(MATERIAL SHOWN):
*** Begin section ***

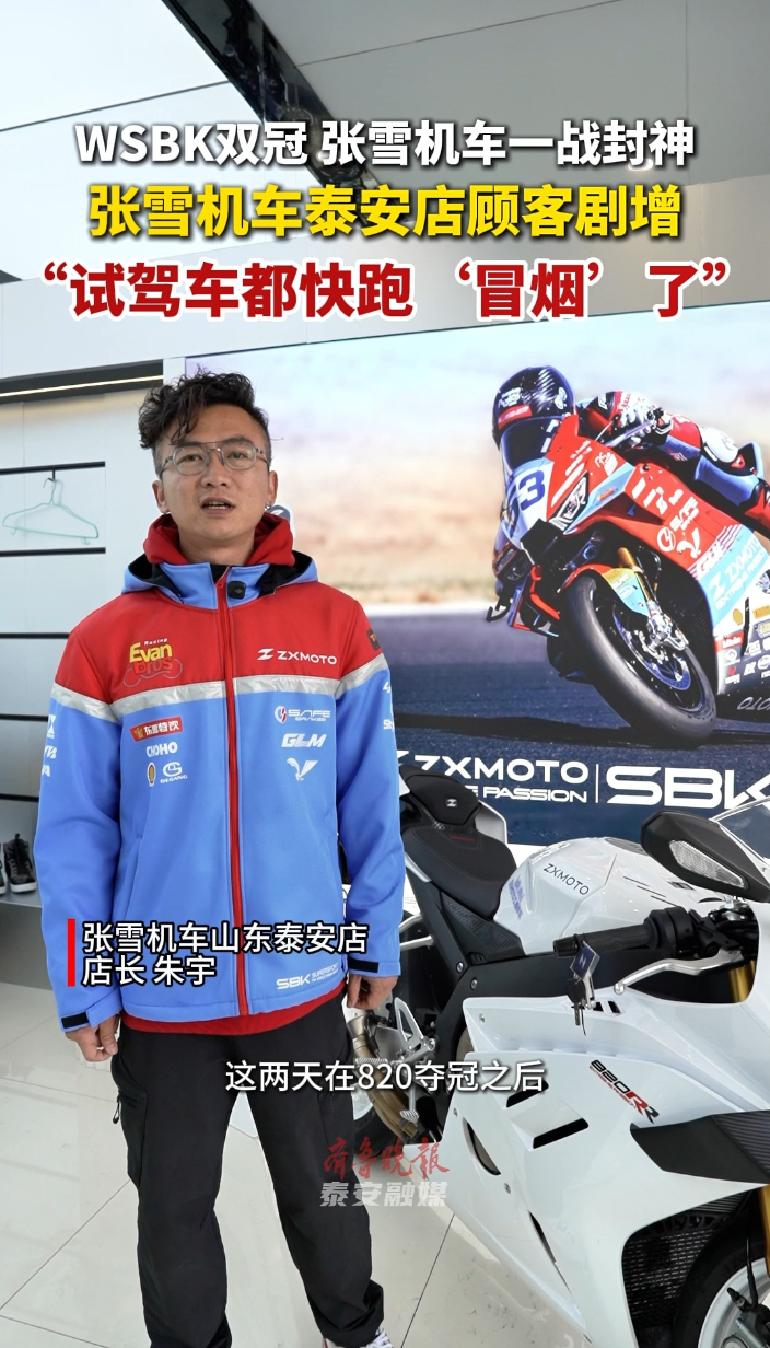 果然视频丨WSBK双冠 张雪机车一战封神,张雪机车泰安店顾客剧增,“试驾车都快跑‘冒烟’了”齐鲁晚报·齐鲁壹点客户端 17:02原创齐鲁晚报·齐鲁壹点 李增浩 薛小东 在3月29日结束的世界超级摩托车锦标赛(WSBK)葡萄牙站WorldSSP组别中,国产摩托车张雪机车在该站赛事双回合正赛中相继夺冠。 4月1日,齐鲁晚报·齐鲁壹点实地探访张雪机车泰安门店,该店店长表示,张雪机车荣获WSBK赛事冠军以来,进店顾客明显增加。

*** End section ***
*** Begin section ***

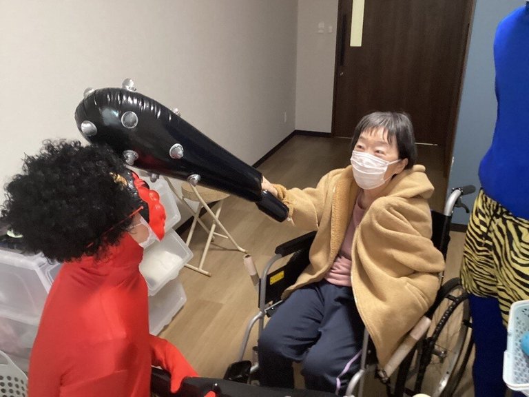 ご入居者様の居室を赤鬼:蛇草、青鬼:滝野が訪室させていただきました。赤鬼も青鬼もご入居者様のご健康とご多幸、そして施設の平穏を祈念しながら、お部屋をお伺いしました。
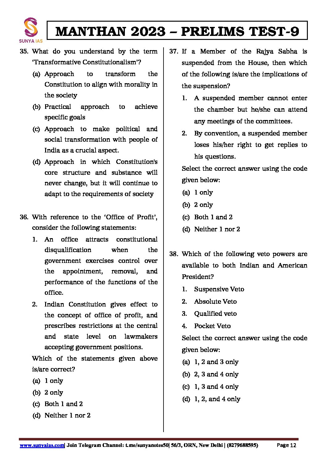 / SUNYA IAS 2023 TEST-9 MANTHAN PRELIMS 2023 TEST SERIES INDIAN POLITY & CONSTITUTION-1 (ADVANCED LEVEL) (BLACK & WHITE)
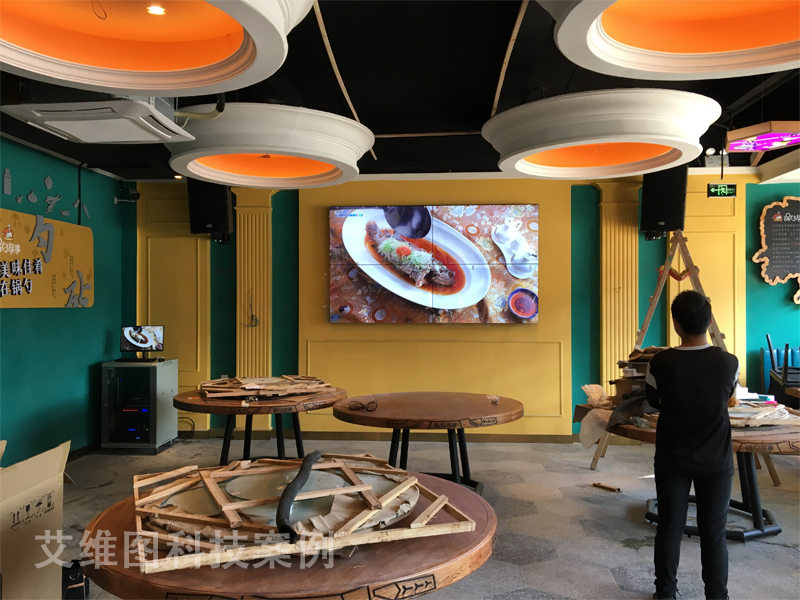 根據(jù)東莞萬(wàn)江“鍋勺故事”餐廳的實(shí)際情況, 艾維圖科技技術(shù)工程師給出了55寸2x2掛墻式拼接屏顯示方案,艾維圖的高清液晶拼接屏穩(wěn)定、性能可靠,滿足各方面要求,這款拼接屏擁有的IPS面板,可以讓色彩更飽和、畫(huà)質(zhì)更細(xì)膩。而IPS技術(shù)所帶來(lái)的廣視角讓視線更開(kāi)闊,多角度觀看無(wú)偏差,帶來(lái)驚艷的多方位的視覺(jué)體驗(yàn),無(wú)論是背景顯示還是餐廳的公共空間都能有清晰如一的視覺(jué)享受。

*** End section ***
*** Begin section ***

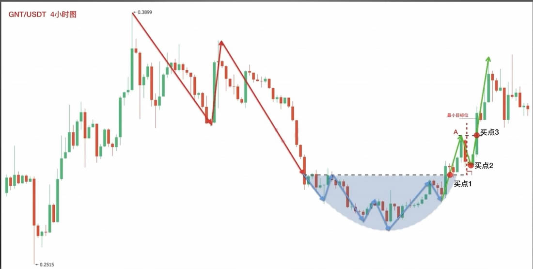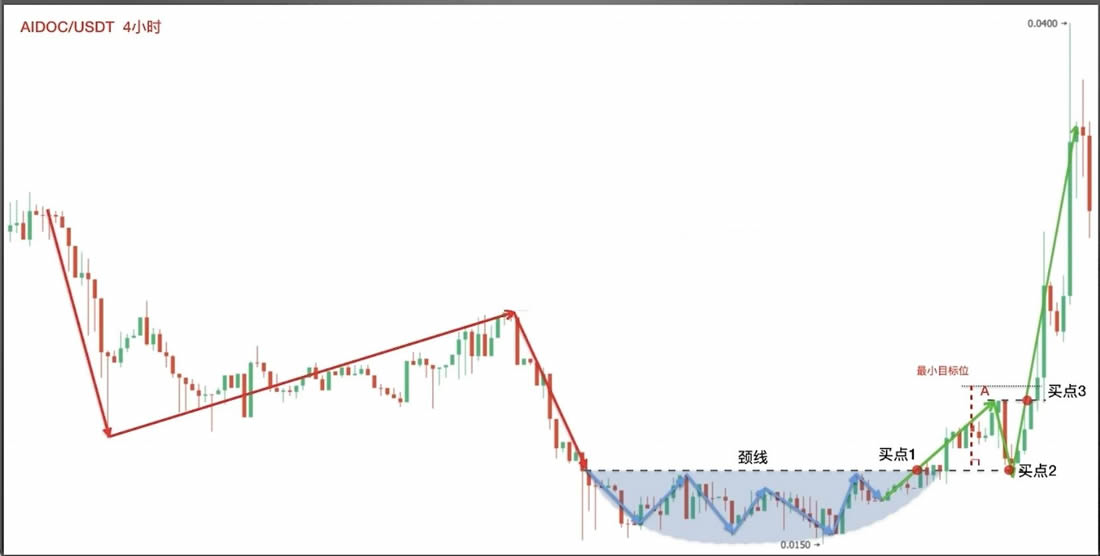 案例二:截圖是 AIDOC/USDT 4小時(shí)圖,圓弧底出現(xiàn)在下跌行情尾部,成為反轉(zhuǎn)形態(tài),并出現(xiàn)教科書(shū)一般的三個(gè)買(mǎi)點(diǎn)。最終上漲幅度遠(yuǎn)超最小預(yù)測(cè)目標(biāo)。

*** End section ***

(AIM OF THE EXERCISE): Every line from the one with "(BLACK & WHITE)" through the one with "根據(jù)東莞萬(wàn)" is to be reproduced exactly as written above, and the pictures are to be dropped.

(RESPONSE TO THE EXERCISE):
 / SUNYA IAS 2023 TEST-9 MANTHAN PRELIMS 2023 TEST SERIES INDIAN POLITY & CONSTITUTION-1 (ADVANCED LEVEL) (BLACK & WHITE)
 根據(jù)東莞萬(wàn)江“鍋勺故事”餐廳的實(shí)際情況, 艾維圖科技技術(shù)工程師給出了55寸2x2掛墻式拼接屏顯示方案,艾維圖的高清液晶拼接屏穩(wěn)定、性能可靠,滿足各方面要求,這款拼接屏擁有的IPS面板,可以讓色彩更飽和、畫(huà)質(zhì)更細(xì)膩。而IPS技術(shù)所帶來(lái)的廣視角讓視線更開(kāi)闊,多角度觀看無(wú)偏差,帶來(lái)驚艷的多方位的視覺(jué)體驗(yàn),無(wú)論是背景顯示還是餐廳的公共空間都能有清晰如一的視覺(jué)享受。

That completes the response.